WORK TASK — Set down, exactly and with no pictures, the line that contains "Paradis Luxury Family Suite (Beachfront)" and all lines after it in the listing.

THE DATA —
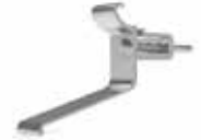
Skirt Frame Mount 242-92211
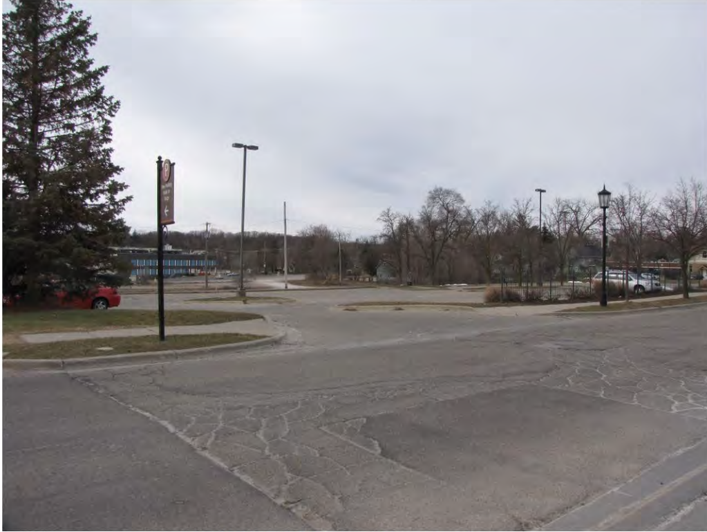
Cady East 118_Looking Southwest
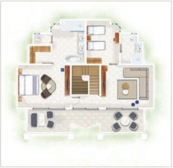
Paradis Luxury Family Suite (Beachfront)
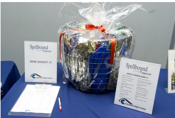
Wine basket in the silent auction

SOLUTION BELOW —
Paradis Luxury Family Suite (Beachfront)
Wine basket in the silent auction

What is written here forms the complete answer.